The History Of Cocaine Addiction

by Bridget on May 22, 2012

Cocaine is one of the most widely abused substances in the United States of America. Millions of people spend their hard earned money every week to procure the substance, so that they can go out on the weekends and stay up all night partying. However, many other people use cocaine more recreationally. This type of abuse is very problematic and can lead to very serious health consequences. If a person uses cocaine for a prolonged period of time, it is highly likely that they will develop a cocaine addiction.

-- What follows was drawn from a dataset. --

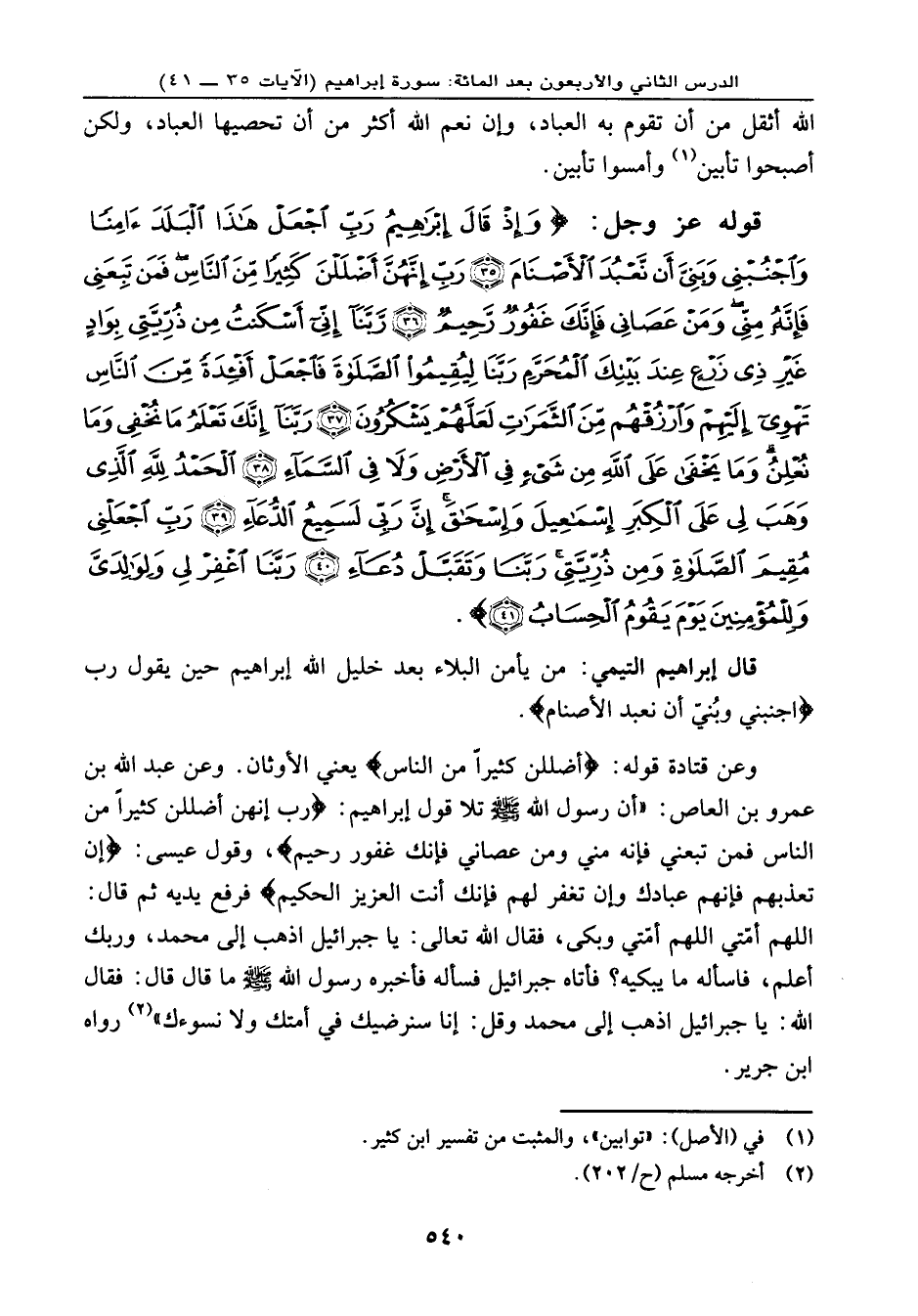 قوله عز وجل: {وَإِذْ قَالَ إِبْرَاهِيمُ رَبِّ اجْعَلْ هَذَا الْبَلَدَ آمِناً وَاجْنُبْنِي وَبَنِيَّ أَن نَّعْبُدَ الأَصْنَامَ (35) رَبِّ إِنَّهُنَّ أَضْلَلْنَ كَثِيراً مِّنَ النَّاسِ فَمَن تَبِعَنِي فَإِنَّهُ مِنِّي وَمَنْ عَصَانِي فَإِنَّكَ غَفُورٌ رَّحِيمٌ (36) رَّبَّنَا إِنِّي أَسْكَنتُ مِن ذُرِّيَّتِي بِوَادٍ غَيْرِ ذِي زَرْعٍ عِندَ بَيْتِكَ الْمُحَرَّمِ رَبَّنَا لِيُقِيمُواْ الصَّلاَةَ فَاجْعَلْ أَفْئِدَةً مِّنَ النَّاسِ تَهْوِي إِلَيْهِمْ وَارْزُقْهُم مِّنَ الثَّمَرَاتِ لَعَلَّهُمْ يَشْكُرُونَ (37) رَبَّنَا إِنَّكَ تَعْلَمُ مَا نُخْفِي وَمَا نُعْلِنُ وَمَا يَخْفَى عَلَى اللهِ مِن شَيْءٍ فَي الأَرْضِ وَلاَ فِي السَّمَاء (38) الْحَمْدُ لِلّهِ الَّذِي وَهَبَ لِي عَلَى الْكِبَرِ إِسْمَاعِيلَ وَإِسْحَاقَ إِنَّ رَبِّي لَسَمِيعُ الدُّعَاء (39) رَبِّ اجْعَلْنِي مُقِيمَ الصَّلاَةِ وَمِن ذُرِّيَّتِي رَبَّنَا وَتَقَبَّلْ دُعَاء (40) رَبَّنَا اغْفِرْ لِي وَلِوَالِدَيَّ وَلِلْمُؤْمِنِينَ يَوْمَ يَقُومُ الْحِسَابُ (41) } .

If this happens, it will be necessary for an individual to enter into a drug rehab center in order to undergo a cocaine detox. Without the help of a drug rehab program, it is highly unlikely that an individual will be able to stop using cocaine on their own.

Development

Cocaine was first developed in the late 1850s. At the time, scientists understood the potential dangers of cocaine, however, were optimistic about its potential health benefits and ability to cure certain ailments. Ironically, the dangers associated with cocaine led to the synthesis of other, safer drugs. Scientists were able to synthesize cocaine from cocoa leaves and were able to turn it into a pure powder. It was initially used for many different medical conditions and was regarded as a sort of wonder drug at the time.

Uses

In 1883 it was determined that cocaine enhanced soldier pilot’s endurance during manuevers. These findings were then published in a German medical journal. At that point Cocaine was sold over the counter until 1916. It could be found in tonics, patent medications, as well as toothache remedies. There were also chocolate cocaine tablets.

Civil War

During the Civil War, cocaine was often used by doctors who did not have a large supply of different medications. They would use the drug as an anesthetic during surgeries. In rare instances, this is still done to this day in certain parts of the world. However, most developed nations have been able to procure large amounts of prescription drugs that provide the same benefits without the severe dangers of addiction.

Coca-Cola

Coca Cola contained actual cocaine for a period of time at the turn of the century. In 1886 it was introduced as a valuable brain-tonic and was said to cure nervous afflictions. It was advertised as a self-control drink. It became hugely popular and until 1903 contained 60mg of cocaine. Today it still contains extracts of coca-leaves.

Crack Epidemic

In the 1980s, drug dealers figured out a way to take a small amount of cocaine and turn it into a large batch of “crack” cocaine. Basically, drug dealers would break down their cocaine, add baking soda and other ingredients to it, cook it up so that it solidified, and chopped it up into crack “rocks”. Thus began the crack epidemic that quickly swept over cities throughout the company. As opposed to snorting the substance, as people do with regular cocaine, crack cocaine is meant to be smoked. This produces a much quicker and more intense high. However, users who smoke crack come down very quickly. This is why crack cocaine is so amazingly addictive.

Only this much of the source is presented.